Er sprach so vor sich hin 'jetzt widerfährt diesem sein
Recht.' Abends, als er das Wasser den Berg hinauftrug, erschien
der Engel nicht, der ihn sonst begleitete, und brachte ihm auch
nicht seine Speise. Da erschrak er, prüfte sein Herz und
bedachte, womit er wohl könnte gesündigt haben, weil
Gott also zürne, aber er wußte es nicht. Da aß
und trank er nicht, warf sich nieder auf die Erde und betete
Tag und Nacht. Und als er einmal in dem Walde so recht bitterlich
weinte, hörte er ein Vöglein, das sang so schön
und herrlich; da ward er noch betrübter und sprach 'wie
singst du so fröhlich! dir zürnt der Herr nicht: ach,
wenn du mir sagen könntest, womit ich ihn beleidigt habe,
damit ich Buße täte und mein Herz auch wieder fröhlich
würde!' Da fing das Vöglein an zu sprechen und sagte
'du hast unrecht getan, weil du einen armen Sünder verdammt
hast, der zum Galgen geführt wurde, darum zürnt dir
der Herr; er allein hält Gericht.
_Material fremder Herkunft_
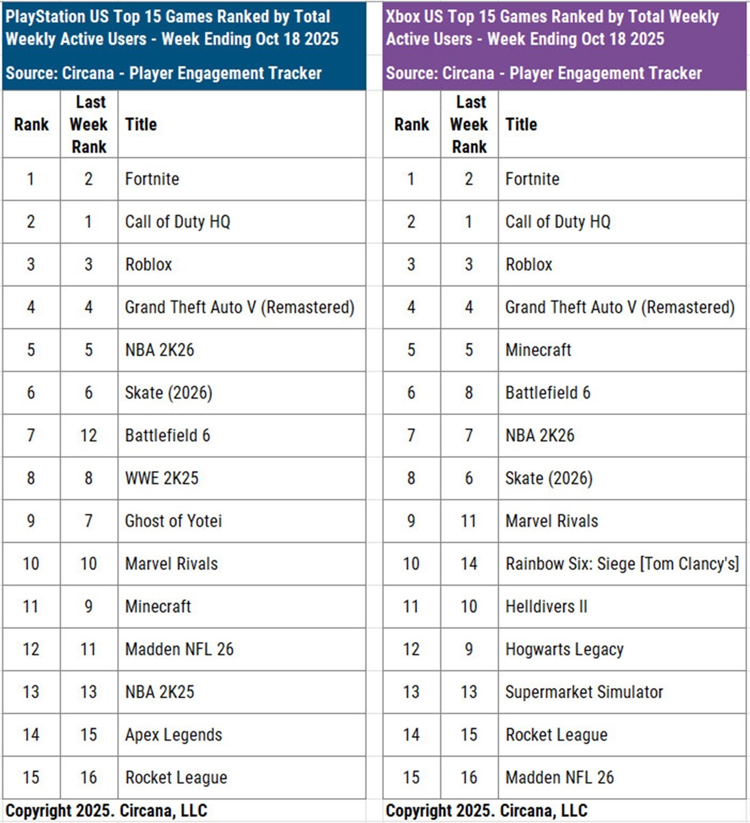Mat Piscatella delade Circana data on Blueskysom visar spelarnas engagemang på PlayStation och Xbox. Statistiken täcker veckan som slutade den 18 oktober, inklusive de första dagarna efter lanseringsdatumet för Battlefield 6. Mätning av totala aktiva användare i USA, den Call of Duty HQ rankas som nummer två bakom Fortnite. Under tiden ligger Dices nya shooter på sjunde plats på PlayStation och sjätte på Xbox-konsoler.

Doch wenn du Buße
tun und deine Sünde bereuen willst, so wird er dir verzeihen.'
Da stand der Engel neben ihm und hatte einen trockenen Ast in
der Hand und sprach 'diesen trockenen Ast sollst du so lange
tragen, bis drei grüne Zweige aus ihm hervorsprießen,
aber nachts, wenn du schlafen willst, sollst du ihn unter dein
Haupt legen. Dein Brot sollst du dir an den Türen erbitten
und in demselben Hause nicht länger als eine Nacht verweilen.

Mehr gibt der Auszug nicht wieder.